(Aim of the task)
Repeat the records in full. No pictures belong in the copy.

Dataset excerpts
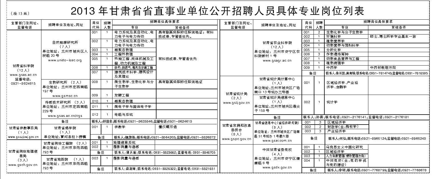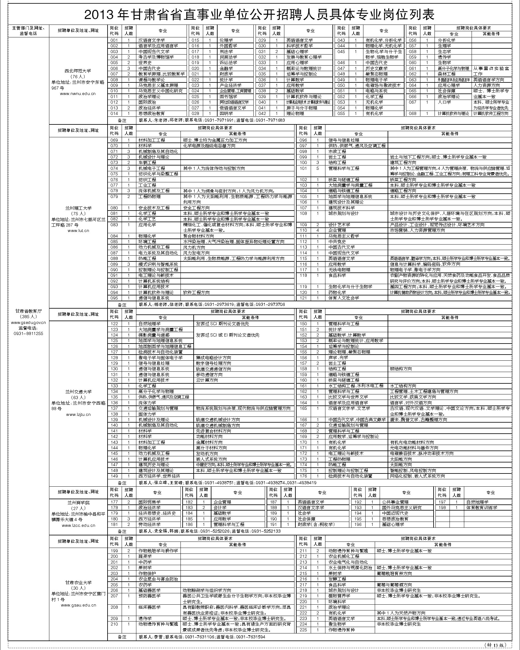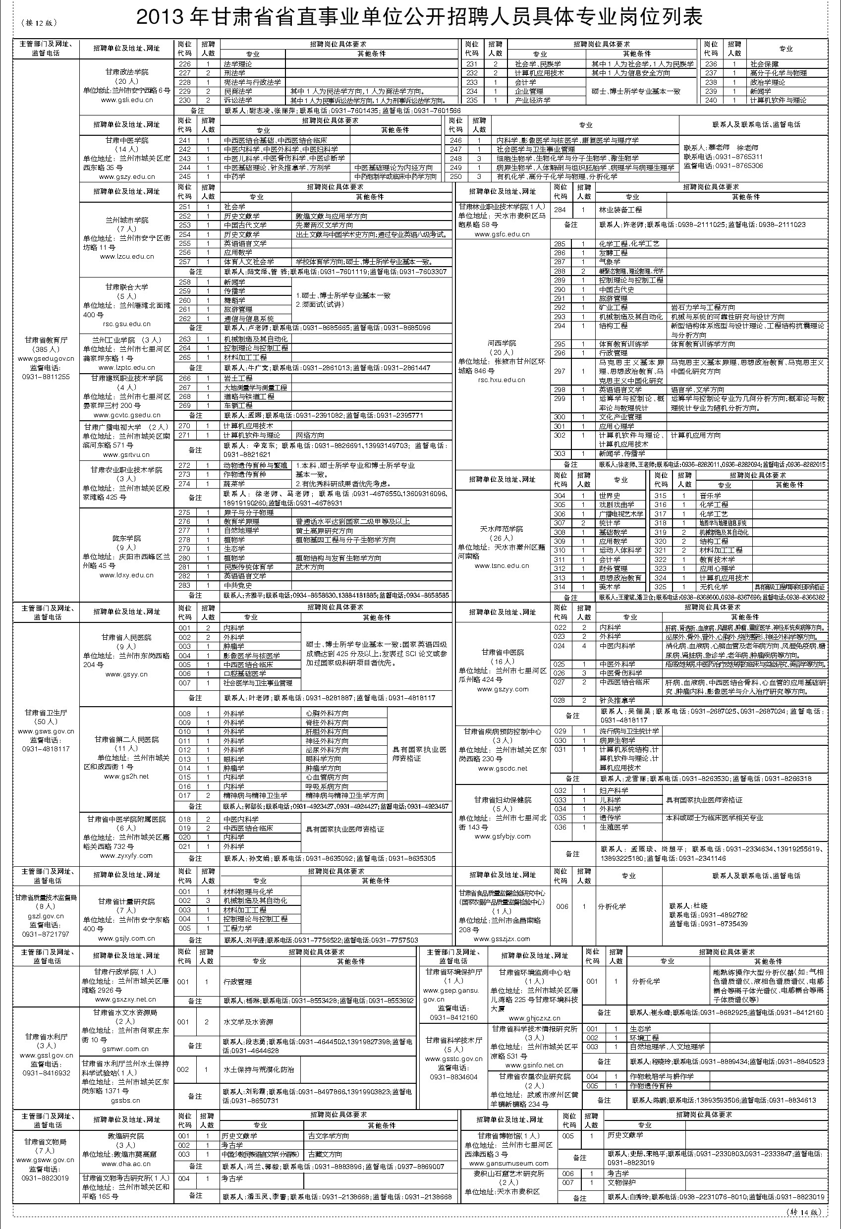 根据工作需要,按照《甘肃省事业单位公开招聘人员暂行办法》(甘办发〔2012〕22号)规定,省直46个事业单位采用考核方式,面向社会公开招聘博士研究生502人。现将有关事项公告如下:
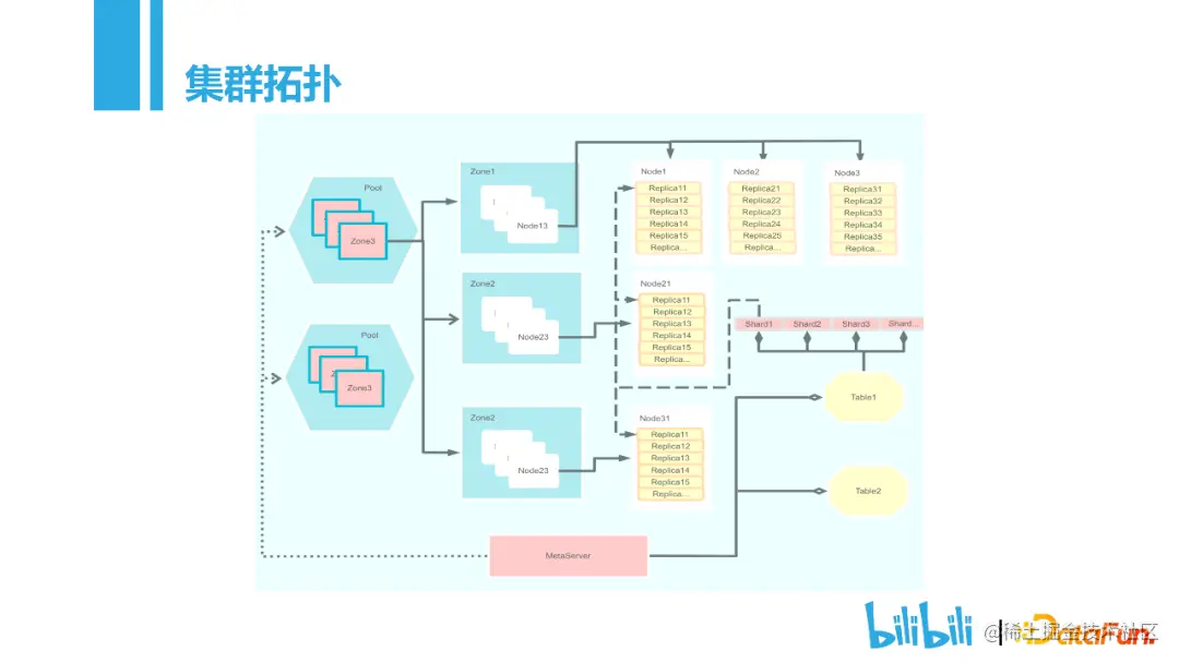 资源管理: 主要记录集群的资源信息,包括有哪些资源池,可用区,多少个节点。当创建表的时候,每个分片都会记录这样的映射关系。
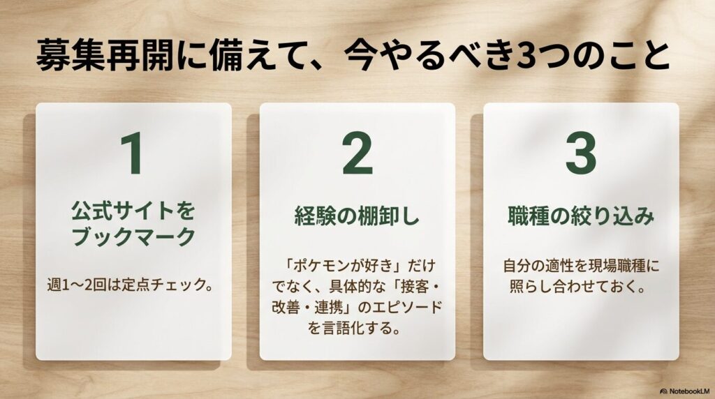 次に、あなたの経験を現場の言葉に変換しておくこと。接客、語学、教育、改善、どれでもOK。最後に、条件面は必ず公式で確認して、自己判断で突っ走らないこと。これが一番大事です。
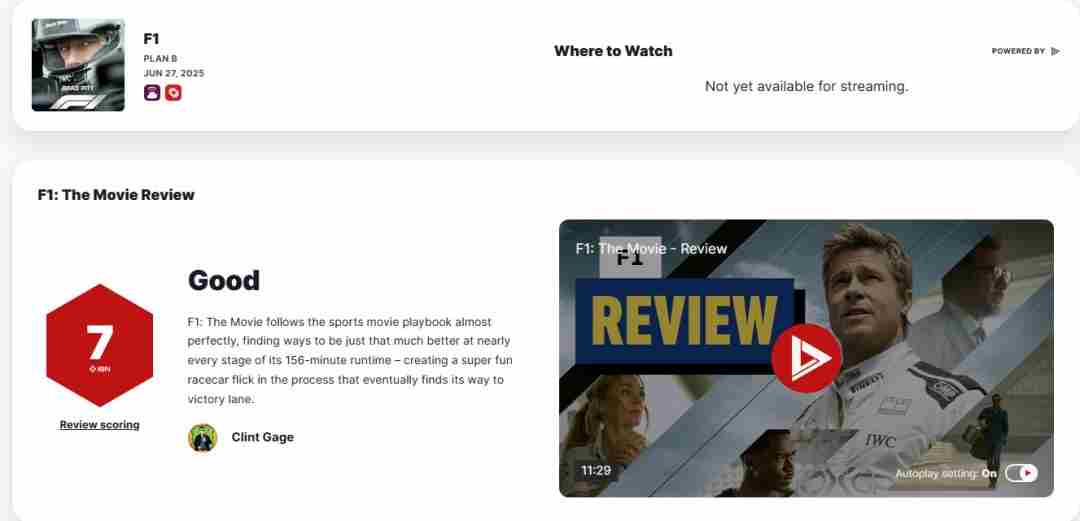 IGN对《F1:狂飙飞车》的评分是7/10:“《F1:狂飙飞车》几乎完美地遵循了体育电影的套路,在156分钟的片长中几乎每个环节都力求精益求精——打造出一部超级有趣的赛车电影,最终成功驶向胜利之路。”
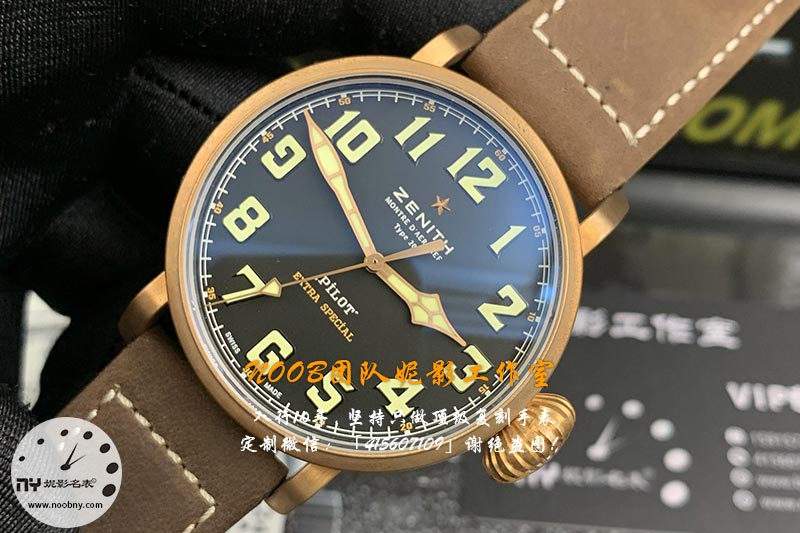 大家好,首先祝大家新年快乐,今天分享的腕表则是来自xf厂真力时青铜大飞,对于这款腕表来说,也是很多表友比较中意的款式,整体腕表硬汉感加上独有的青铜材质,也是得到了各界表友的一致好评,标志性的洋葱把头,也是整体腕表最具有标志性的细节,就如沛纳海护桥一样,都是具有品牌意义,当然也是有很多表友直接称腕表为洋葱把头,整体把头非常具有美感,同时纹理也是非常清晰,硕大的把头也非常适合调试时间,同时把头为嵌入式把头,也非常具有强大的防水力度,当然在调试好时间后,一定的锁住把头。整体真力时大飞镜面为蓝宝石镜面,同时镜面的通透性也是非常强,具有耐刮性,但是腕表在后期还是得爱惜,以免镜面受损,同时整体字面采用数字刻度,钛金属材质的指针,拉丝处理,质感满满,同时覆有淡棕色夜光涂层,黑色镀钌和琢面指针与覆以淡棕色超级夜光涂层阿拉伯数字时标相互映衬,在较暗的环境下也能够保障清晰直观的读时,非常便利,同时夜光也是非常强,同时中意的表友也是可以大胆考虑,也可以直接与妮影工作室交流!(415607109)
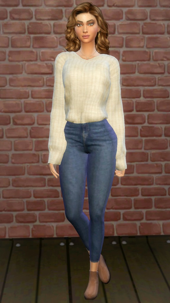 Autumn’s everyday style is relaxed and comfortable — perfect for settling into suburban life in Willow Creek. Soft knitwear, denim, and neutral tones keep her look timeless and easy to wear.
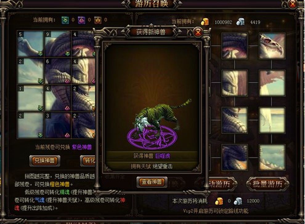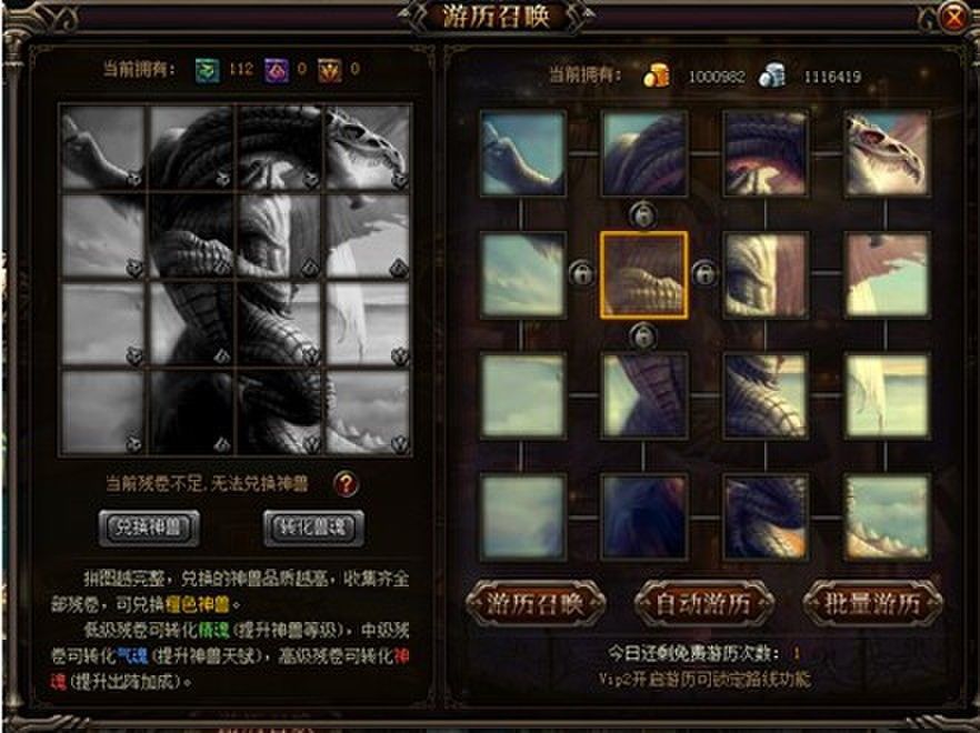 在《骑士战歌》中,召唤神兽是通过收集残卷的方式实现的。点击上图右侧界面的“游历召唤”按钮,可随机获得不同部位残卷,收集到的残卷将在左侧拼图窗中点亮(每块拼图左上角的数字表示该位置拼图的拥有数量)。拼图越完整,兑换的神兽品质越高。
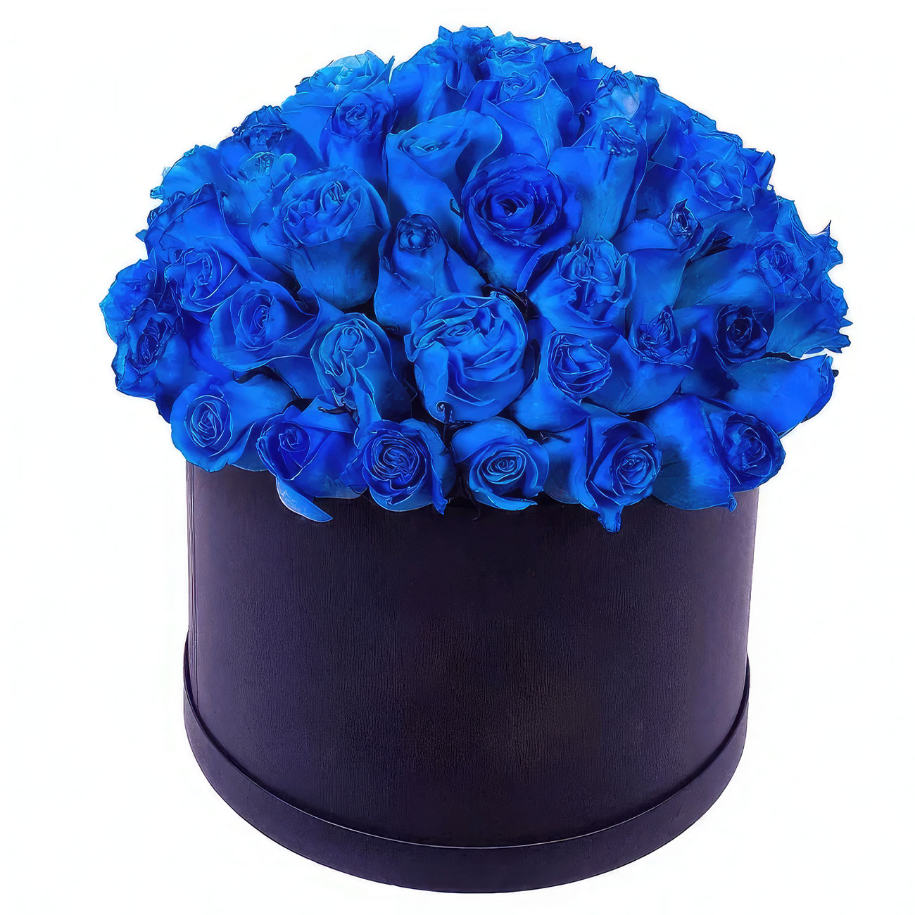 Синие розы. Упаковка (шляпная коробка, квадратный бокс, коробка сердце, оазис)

(Task solution)
 根据工作需要,按照《甘肃省事业单位公开招聘人员暂行办法》(甘办发〔2012〕22号)规定,省直46个事业单位采用考核方式,面向社会公开招聘博士研究生502人。现将有关事项公告如下:
 资源管理: 主要记录集群的资源信息,包括有哪些资源池,可用区,多少个节点。当创建表的时候,每个分片都会记录这样的映射关系。
 次に、あなたの経験を現場の言葉に変換しておくこと。接客、語学、教育、改善、どれでもOK。最後に、条件面は必ず公式で確認して、自己判断で突っ走らないこと。これが一番大事です。
 IGN对《F1:狂飙飞车》的评分是7/10:“《F1:狂飙飞车》几乎完美地遵循了体育电影的套路,在156分钟的片长中几乎每个环节都力求精益求精——打造出一部超级有趣的赛车电影,最终成功驶向胜利之路。”
 大家好,首先祝大家新年快乐,今天分享的腕表则是来自xf厂真力时青铜大飞,对于这款腕表来说,也是很多表友比较中意的款式,整体腕表硬汉感加上独有的青铜材质,也是得到了各界表友的一致好评,标志性的洋葱把头,也是整体腕表最具有标志性的细节,就如沛纳海护桥一样,都是具有品牌意义,当然也是有很多表友直接称腕表为洋葱把头,整体把头非常具有美感,同时纹理也是非常清晰,硕大的把头也非常适合调试时间,同时把头为嵌入式把头,也非常具有强大的防水力度,当然在调试好时间后,一定的锁住把头。整体真力时大飞镜面为蓝宝石镜面,同时镜面的通透性也是非常强,具有耐刮性,但是腕表在后期还是得爱惜,以免镜面受损,同时整体字面采用数字刻度,钛金属材质的指针,拉丝处理,质感满满,同时覆有淡棕色夜光涂层,黑色镀钌和琢面指针与覆以淡棕色超级夜光涂层阿拉伯数字时标相互映衬,在较暗的环境下也能够保障清晰直观的读时,非常便利,同时夜光也是非常强,同时中意的表友也是可以大胆考虑,也可以直接与妮影工作室交流!(415607109)
 Autumn’s everyday style is relaxed and comfortable — perfect for settling into suburban life in Willow Creek. Soft knitwear, denim, and neutral tones keep her look timeless and easy to wear.
 在《骑士战歌》中,召唤神兽是通过收集残卷的方式实现的。点击上图右侧界面的“游历召唤”按钮,可随机获得不同部位残卷,收集到的残卷将在左侧拼图窗中点亮(每块拼图左上角的数字表示该位置拼图的拥有数量)。拼图越完整,兑换的神兽品质越高。
 Синие розы. Упаковка (шляпная коробка, квадратный бокс, коробка сердце, оазис)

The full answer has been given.